● What you are asked to do: The records below are to be reproduced exactly, with the pictures left out.

BEGIN Source data

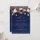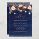Flores de aquarela, rosas bordados e peônias de madeira rústica em marinho azul e jarras de pedreiro. Acentuado com o elegante e moderno falso guião dourado manuscrito Convite de Casamento. Cor de fundo DIY.
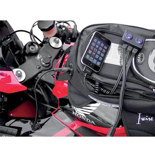 - Help to provide power inside your Tank Bag, Saddle Bag or Tail Bag (hard or soft shell of 5mm maximum thickness).
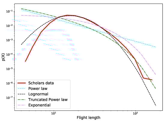 Modeling the authors’ research activities as travel in a semantic space enables investigating another kind of result, related to the emergent patterns in the authors’ trips in this space over the time. In particular, we looked for a mobility pattern considering the displacements between visited locations in consecutive years (flight length) by each author. Understanding these patterns may be of interest for different stakeholders because it is possible to estimate the probability that a change of a topic occurs among the top scholars analyzed. For example, it could be considered in the evaluation criteria that occur in many different national academic systems or even to evaluate research projects or their management. Before discussing the specific findings, in this section we present the methodology that we have used and the kind of results obtained. This kind of analysis can be seen as borrowed from the Human Mobility field, where it emerges that the length of human travels can be described by a Power Law distribution in general [1,39] and by a Lognormal distribution if analyzed with a transport modality decomposition (walk, car, bike, train, airplane) [18,40]. In our analysis the scholars travel among the topics, modeled as the estimated locations. We have studied the mobility for each scholar and for each year, as discussed in Section 4.4. The distance between two consecutive locations is measured with the Euclidean distance. The Probability Density Function (PDF) was computed over the frequency of displacements, in order to estimate which distribution can better describe the authors’ mobility across the topics. We have considered the following distributions: Power law, Truncated Power Law, Exponential, and Lognormal. The following methodology was adopted to select which distribution best fits the scholar data:
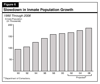 The California Department of Corrections (CDC) is projecting slower growth in the prison population than the state experienced through much of the 1990s. The CDC projections suggest that the number of inmates will exceed 185,000 by June 2006. Recent prison population data suggest, however, that the growth rate is even slower than assumed in the Governor's budget and that the population is continuing to stabilize.
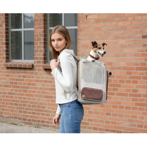 Mit seiner stabilen Hartschale, den atmungsaktiven Mesh-Einsätzen und dem komfortablen Innenpolster bietet dieser Rucksack deinem Hund ein sicheres und angenehmes Reiseerlebnis. Die großzügigen Sichtfenster lassen sich öffnen, sodass dein Hund neugierig den Kopf herausstrecken kann.
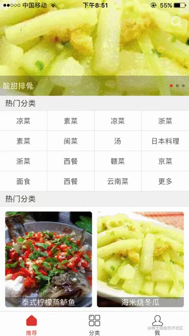 - 首页推荐菜谱列表,热门标签,轮播图显示热门推荐菜谱
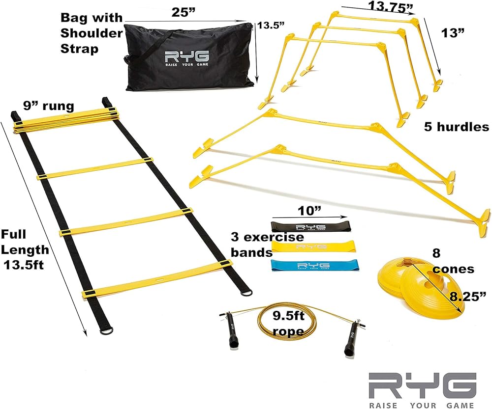 مجموعة تدريب اللياقة البدنية المثالية: تتضمن سلم خفة الحركة وخمس حواجز وثمانية مخاريط وحبل القفز وثلاثة أربطة صغيرة مقاومة للاتكس. المجموعة المثالية لأي نوع من أدوات الثقوب والمهارات.

END Source data

● Task answer:
Flores de aquarela, rosas bordados e peônias de madeira rústica em marinho azul e jarras de pedreiro. Acentuado com o elegante e moderno falso guião dourado manuscrito Convite de Casamento. Cor de fundo DIY.
 - Help to provide power inside your Tank Bag, Saddle Bag or Tail Bag (hard or soft shell of 5mm maximum thickness).
 Modeling the authors’ research activities as travel in a semantic space enables investigating another kind of result, related to the emergent patterns in the authors’ trips in this space over the time. In particular, we looked for a mobility pattern considering the displacements between visited locations in consecutive years (flight length) by each author. Understanding these patterns may be of interest for different stakeholders because it is possible to estimate the probability that a change of a topic occurs among the top scholars analyzed. For example, it could be considered in the evaluation criteria that occur in many different national academic systems or even to evaluate research projects or their management. Before discussing the specific findings, in this section we present the methodology that we have used and the kind of results obtained. This kind of analysis can be seen as borrowed from the Human Mobility field, where it emerges that the length of human travels can be described by a Power Law distribution in general [1,39] and by a Lognormal distribution if analyzed with a transport modality decomposition (walk, car, bike, train, airplane) [18,40]. In our analysis the scholars travel among the topics, modeled as the estimated locations. We have studied the mobility for each scholar and for each year, as discussed in Section 4.4. The distance between two consecutive locations is measured with the Euclidean distance. The Probability Density Function (PDF) was computed over the frequency of displacements, in order to estimate which distribution can better describe the authors’ mobility across the topics. We have considered the following distributions: Power law, Truncated Power Law, Exponential, and Lognormal. The following methodology was adopted to select which distribution best fits the scholar data:
 The California Department of Corrections (CDC) is projecting slower growth in the prison population than the state experienced through much of the 1990s. The CDC projections suggest that the number of inmates will exceed 185,000 by June 2006. Recent prison population data suggest, however, that the growth rate is even slower than assumed in the Governor's budget and that the population is continuing to stabilize.
 Mit seiner stabilen Hartschale, den atmungsaktiven Mesh-Einsätzen und dem komfortablen Innenpolster bietet dieser Rucksack deinem Hund ein sicheres und angenehmes Reiseerlebnis. Die großzügigen Sichtfenster lassen sich öffnen, sodass dein Hund neugierig den Kopf herausstrecken kann.
 - 首页推荐菜谱列表,热门标签,轮播图显示热门推荐菜谱
 مجموعة تدريب اللياقة البدنية المثالية: تتضمن سلم خفة الحركة وخمس حواجز وثمانية مخاريط وحبل القفز وثلاثة أربطة صغيرة مقاومة للاتكس. المجموعة المثالية لأي نوع من أدوات الثقوب والمهارات.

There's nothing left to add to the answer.